Явись и дланию своей
Нам укажи в толпе вождей,
Кто твой наследник, твой избранный!
Но храм — в молчанье погружён,
И тих твоей могилы бранной
Невозмутимый, вечный сон (3, 220–221).
Последние две строфы, по-видимому, не понравились самодержавному цензору поэта: Николай I был достаточно уверен в себе, чтобы не полагаться на помощь кого бы то ни было, и совсем не нуждался в советчиках по назначению главнокомандующего армией (пусть даже и в виртуальной форме). Поэтому-то патриотическое стихотворение было опубликовано только в 1836 году, но без двух последних строф. И не отдельно, а в «Объяснении» к другому стихотворению — «Полководец». В этом «Объяснении» Пушкин писал: «Слава Кутузова неразрывно соединена со славою России, с памятью о величайшем событии новейшей истории. Его титло: спаситель России; его памятник: скала Святой Елены! Имя его не только священно для нас, но не должны ли мы ещё радоваться, мы, русские, что оно звучит русским звуком?» (7, 483–484).

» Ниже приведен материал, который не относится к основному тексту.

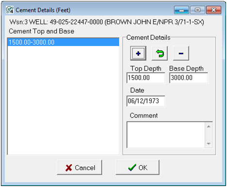 Top - This entry sets the top of the cement. Base - This entry sets base of the cement. Date - This sets the date of the cement. Comment - This entry stores remarks or comments about the cement. |
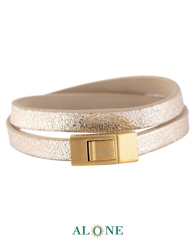 بند مچ چرم دو دور طلايي-كرم 11-2066
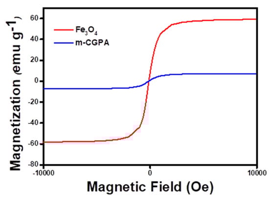 Magnetic hysteresis loop of m-CGPA in comparison with Fe3O4.
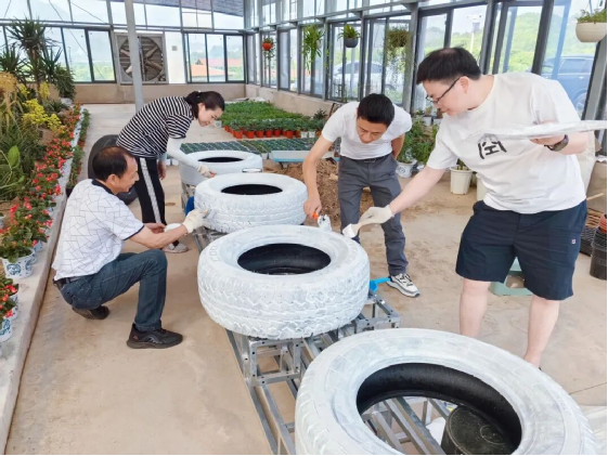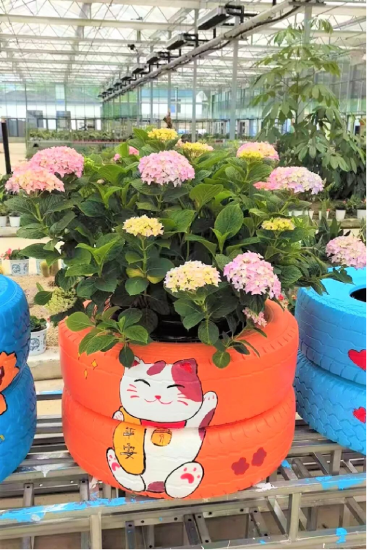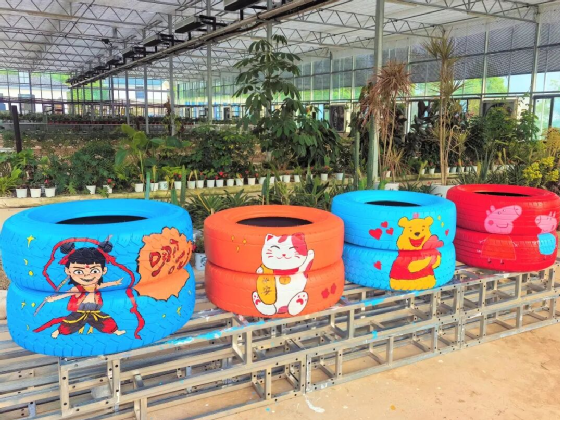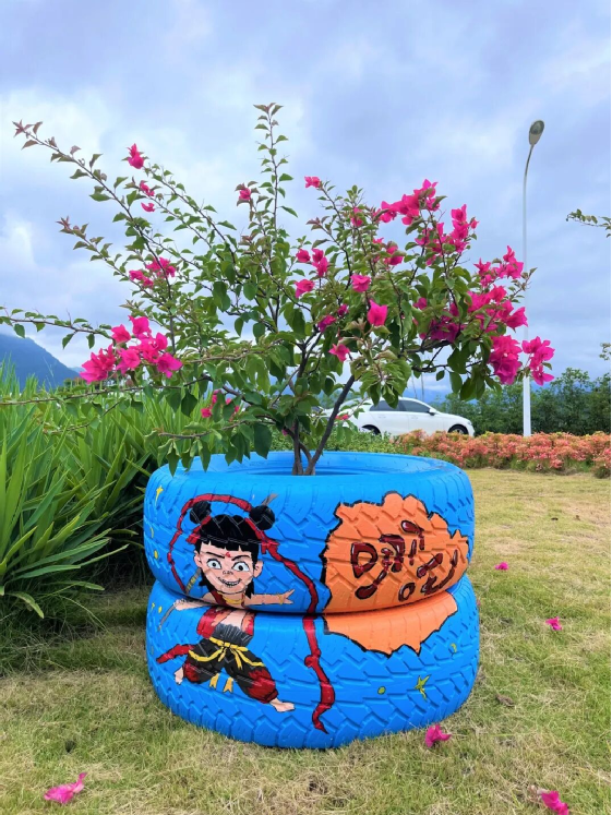 除了轮胎画,园林公司还将轮胎与园艺结合,做成花盆。填入土壤,种上三角梅、绣球、绿萝等植物,绿叶从轮胎边缘舒展,花朵在“轮胎容器”中绽放,工业感与自然美和谐相融。
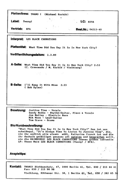 Vinyl / Les Black Carnations - What Time Did You Say It Is In New York City
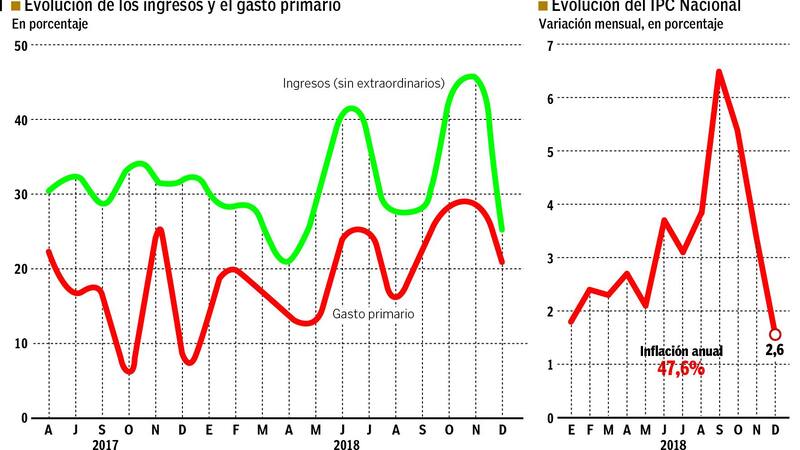 Sucede que la recesión estuvo ralentizando la recaudación: en diciembre, había crecido 36% interanual, contra una inflación de 47,6 por ciento. Y en noviembre, 33,7%, contra 48,5% del aumento de los precios minoristas.
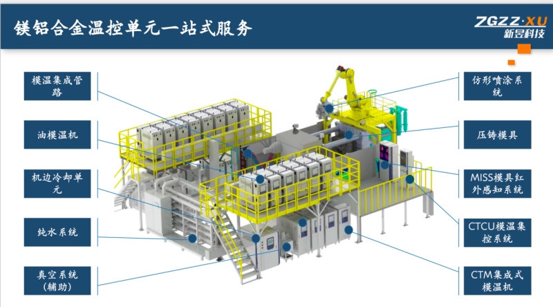 鎂鋁合金溫控單元一站式服務解決方案 寧波新昱智能科技有限公司始終專注于鎂鋁合金壓鑄車身熱管理系統(tǒng)領(lǐng)域。公司所有溫控設(shè)備均為自主研發(fā),亦是國內(nèi)市場上溫控設(shè)備產(chǎn)品線最齊全的企業(yè)之一。憑借對壓鑄行業(yè)的深耕,公司將整套溫控系統(tǒng)與模具設(shè)計、壓鑄工藝、仿形噴涂及真空輔助技術(shù)深度融合,打造大型智能化溫控單元一站式服務,致力于解決壓鑄汽車零部件在生產(chǎn)中面臨的良品率低、效率低、節(jié)拍慢、成本高等問題。

…В ходе восстания Польша фактически отделилась от России. Притязания бывшей Речи Посполитой на отторгнутые от неё украинские, белорусские и литовские земли, детронизация династии Романовых глубоко уязвили национальные чувства широких кругов русского общества, и дворянства прежде всего, а призывы со стороны Франции к вооружённому вмешательству в русско-польский конфликт, который, казалось, мог перерасти во всеобщий поход западных держав против России, ещё более эти чувства обострили. Угроза новой войны, поднимавшейся на волне революций, с необычайной силой всколыхнула воспоминания о нашествии «двунадесяти языцев», стойко державшиеся в общественном сознании.
Пушкин, внимательно следивший за политическими событиями, был встревожен. Это заметил даже цензор Е. Е. Комаровский, спросивший поэта о причине его волнения.
— Разве вы не понимаете, что теперь время чуть ли не столь же грозное, как в 1812 году? — удивился Александр Сергеевич аполитичности чиновника.
Сближение польских событий с 1812 годом подогревалось первыми неудачами русской армии. Отечественная война рисовалась легендарной, эпической порой русской истории, полной «дивных, почти мифических потрясений», временем независимых характеров, подъёма духовных сил народа и нравственного раскрепощения общества.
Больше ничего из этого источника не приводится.